The given function is \( V(x) = x(10 - 2x)(16 - 2x) \). This function models the volume of a box, where \( x \) is a dimension of the box between 0 and 5.

First, expand the product in the volume function. Simplify it to find a polynomial expression for easier differentiation. \[V(x) = x((10 - 2x)(16 - 2x))\]First, expand \((10 - 2x)(16 - 2x)\):\[= 160 - 20x - 32x + 4x^2 = 160 - 52x + 4x^2\]Multiply this by \( x \):\[V(x) = x(160 - 52x + 4x^2) = 4x^3 - 52x^2 + 160x\]

To find the critical points of \( V(x) \), we need to take its derivative with respect to \( x \) and set it to zero:\[V'(x) = \frac{d}{dx}(4x^3 - 52x^2 + 160x) = 12x^2 - 104x + 160\]
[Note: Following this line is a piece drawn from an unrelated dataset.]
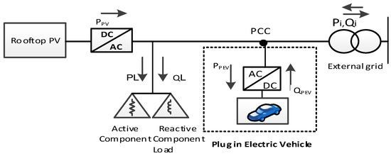 Nevertheless, references [15] and [3,16] have mentioned that though PEVs have the ability to accomplish energy storage functions in the electric network, the degradation of battery storage is still a concern that needs to be considered. Reference [17] mentioned that voltage regulation in contrast to frequency regulation due to frequent charging and discharging of batteries, cannot affect batteries’ lifetime much. These minimal effects motivate the users to profit from providing voltage regulation [11]. Reactive power compensation can support the grid to maintain power quality and reliability and increase the active power transfer limits as well [17]. Reference [18] has shown the V2G reactive support of on-board chargers does not have any consequences on a battery’s life due to the structure of the charger design. Reference [19] has proposed that independent inverters for voltage improvement by using reactive power capability may affect the active power, so the profit of consumers will be decreased. Moreover, references [19,20] show that the control of reactive power in low voltage distribution networks is less effective than in medium and high voltage networks. As a result, considering voltage maintenance in the end node/bus users in distribution networks needs to be investigated [21]. There are limited references such as [22] and [23] that consider the co-operation between PVs and energy storage in unbalanced networks. However, there is not enough information on PEV inverters to reduce and improve the voltage in the unbalanced system which is examined in this research work.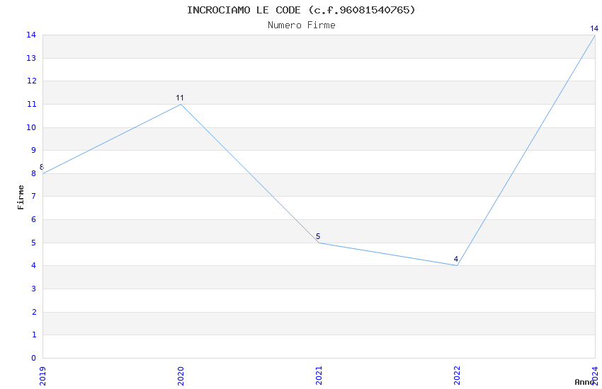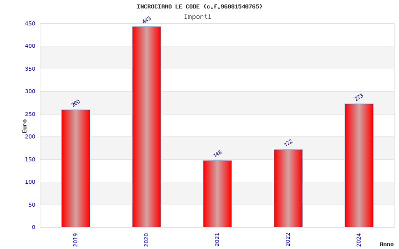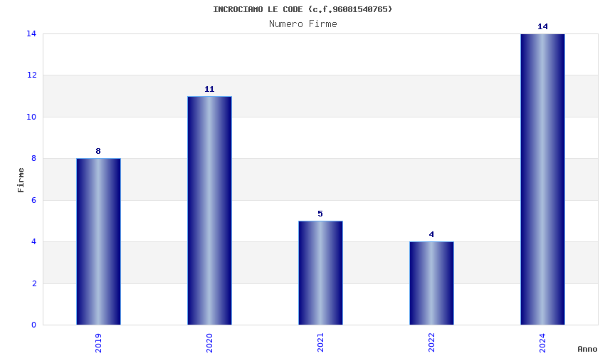 | Anno | Firme | Importi | Media | Naz. | Reg. | Prov. | Comu. |

Set \( V'(x) = 0 \) to find critical points:\[12x^2 - 104x + 160 = 0\]Simplify and solve this quadratic equation using the quadratic formula:\[x = \frac{-b \pm \sqrt{b^2 - 4ac}}{2a}\]Here, \( a = 12 \), \( b = -104 \), and \( c = 160 \):\[x = \frac{104 \pm \sqrt{(-104)^2 - 4 \times 12 \times 160}}{24}\]\[x = \frac{104 \pm \sqrt{10816 - 7680}}{24}\]\[x = \frac{104 \pm \sqrt{3136}}{24}\]\[x = \frac{104 \pm 56}{24}\]The solutions are \( x = \frac{160}{24} = \frac{20}{3} \approx 6.67 \) and \( x = 2 \). Since \( 0 < x < 5 \), only \( x = 2 \) is valid in this interval.

Check the endpoints and the critical point \( x = 2 \) to find extreme values of the function within the interval. Compute \( V(x) \) at these points:- \( V(0^+) = 0 \, m^3 \) because volume approaches 0 as \( x \) approaches 0.- \( V(5^-) = 0 \, m^3 \) since the width term \((10 - 2x)\) becomes zero.- \( V(2) = 4(2)^3 - 52(2)^2 + 160(2) = 32 - 208 + 320 = 144 \, m^3 \).Thus, the maximum volume is \( 144 \), occurring at \( x = 2 \).

The extreme values indicate the possible volume variations within the given interval. A volume of 0 at \( x = 0 \) and \( x = 5 \) is logical because one or more box dimensions become zero, reducing the volume to zero. The maximum volume \( 144 \, m^3 \) occurs at \( x = 2 \); thus, choosing this dimension for the box yields maximum volumetric efficiency.